Les Halles D'Anjou
- Location: Montreal, Quebec
- Coordinates: 45°35′53″N 73°34′4″W﻿ / ﻿45.59806°N 73.56778°W
- Address: 7500 Galeries d'Anjou Blvd. Anjou, Quebec H1M 3M4
- Opened: 1981
- Management: Sandalwood Management
- Owner: Sandalwood Management
- Stores: 40
- Anchor tenants: 2
- Floor area: 106,100 sq ft (9,860 m^{2}).
- Floors: 1
- Parking: 755
- Website: www.hallesdanjou.com/en/home.html

= Les Halles D'Anjou =

Les Halles D'Anjou is a small-sized shopping mall located in the Anjou borough of Montreal, Quebec, Canada. Tenants include Archambault and the Fruiterie 440 supermarket. It is located on Des Galeries-D'Anjou Boulevard, facing the larger CF Galeries D'Anjou mall.

== History ==
Les Halles D'Anjou started as a farmer's market in 1981, and was a common public place for families to gather.

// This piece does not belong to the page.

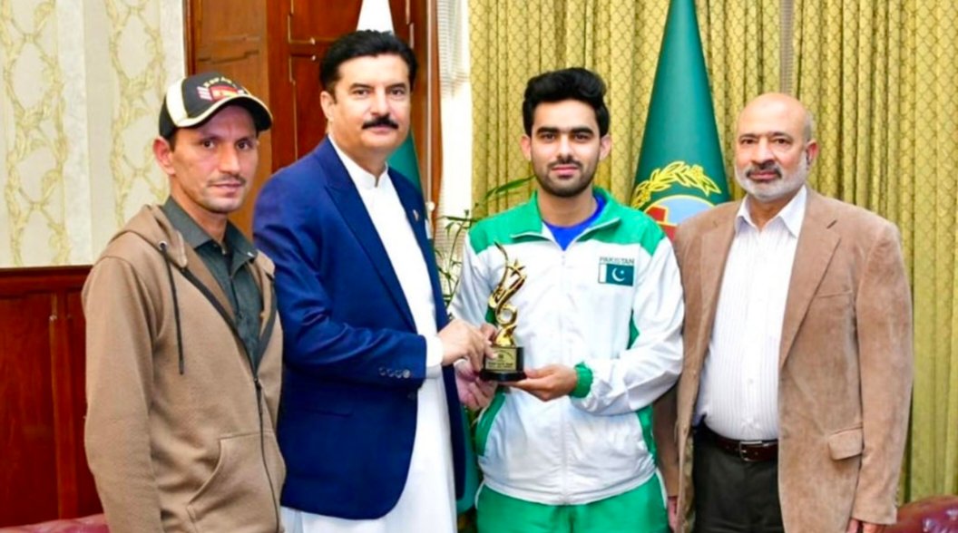PESHAWAR (IN) Governor Khyber Pakhtunkhwa Faisal Karim Kundi on Thursday presented an award to international squash player Khushhal Riaz Khan in recognition of his outstanding performances at national and international levels.The awards were announced in November to acknowledge athletes from across the province who excelled in various sports. However, Khushhal was unable to attend the ceremony at that time as he was participating in a training camp in preparation for the National Games.

It had rides for children to pass the time while their parents shopped. The farmer's market continues to operate seasonally. Family events continue to take place at the mall.

Archambault and the Fruiterie 440 supermarket are the mall's anchor tenants. Other retailers include Dollarama, Uniprix and the Odessa seafood market.